The new scariest-word-in-the-vocabulary is “variants.” They’ve arrived in America from far-flung coronavirus capitals, such as South Africa and Brazil, and they are mutating with enough infectious potency to weaken the efficacy of vaccines that are supposed to save us. “A wakeup call,” said Dr. Anthony Fauci, who really hasn’t been wrong yet.
Except you won’t hear “variants” uttered much this week in Tampa, where the NFL is throwing itself a COVID-19 victory party of sorts. Roger Goodell and the owners are ready to turn Super Bowl Sunday into a patriotic celebration of perseverance, having demonstrated how to survive a pandemic-pocked season without cancelling even one game. I can hear Jim Nantz now, gushing about the triumph of our inherent spirit and the light at the end of our dark national tunnel. Certainly, in the short term, the league should be proud of its six-month effort — which seems too good and clean to be true — while trumpeting its success in a scientific paper published by the Centers for Disease Control.

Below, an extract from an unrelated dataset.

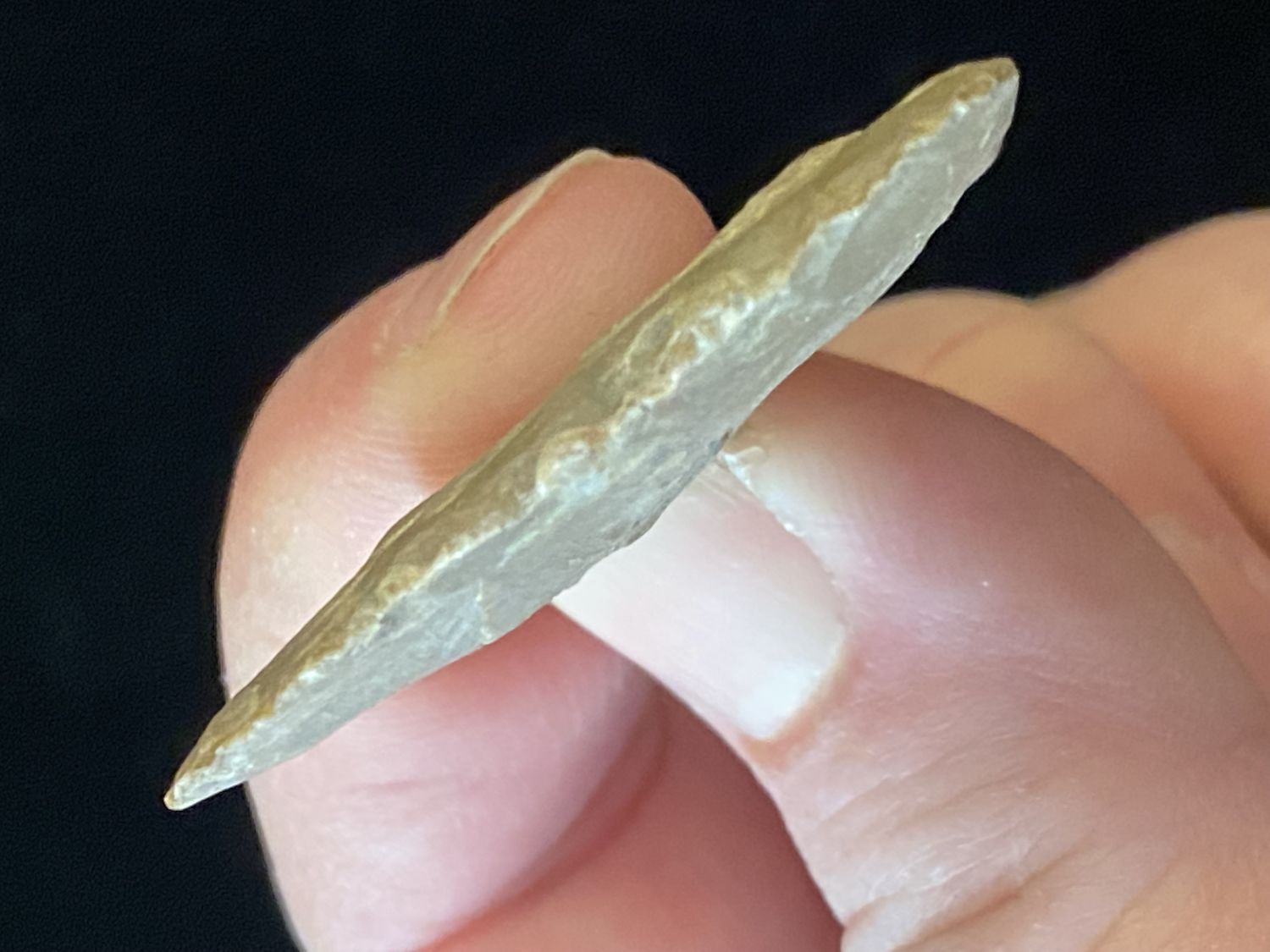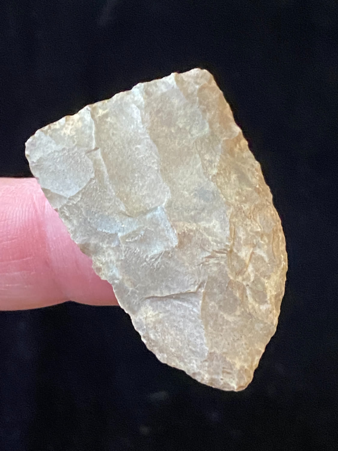 1.5/8″ Early Lance / Paleo, Very unique flaking with a lightly ground base. Found in Southern Illinois

“We hope that our experience will have benefits for public health generally, and we’re pleased that the CDC was willing to engage with us on that topic,” league executive Jeff Miller said.

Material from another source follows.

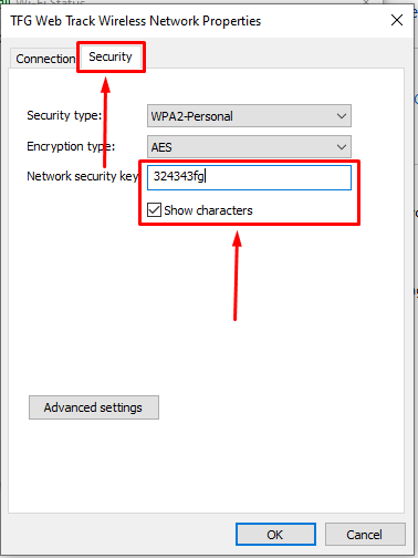 5. Navigate to the “Security” tab and check the box next to “Show characters” to reveal the Wi-Fi password.

“We were able to show that you can play a team sport while minimizing risk to the participants,” said Dr. Allen Sills, the NFL’s chief medical officer.
The problem with all this backslapping, of course, is that it creates a false and premature narrative: an almighty sports league showing Americans how to navigate the virus landmines. In truth, the only light created was within the NFL itself. When the 32 franchises alone are worth a collective $100 billion, it isn’t too difficult to invest $100 million in the 955,000-plus daily tests that kept the schedule as coronavirus-free as possible. Confronting COVID-19 is more easily accomplished when the wealthy and privileged are driving the tanks. So let’s not shoot off fireworks and turn this into the 2021 version of a previous Americana spectacle in the same Florida city, 30 years ago, when Whitney Houston made us cry during the Persian Gulf War with the greatest national anthem of all.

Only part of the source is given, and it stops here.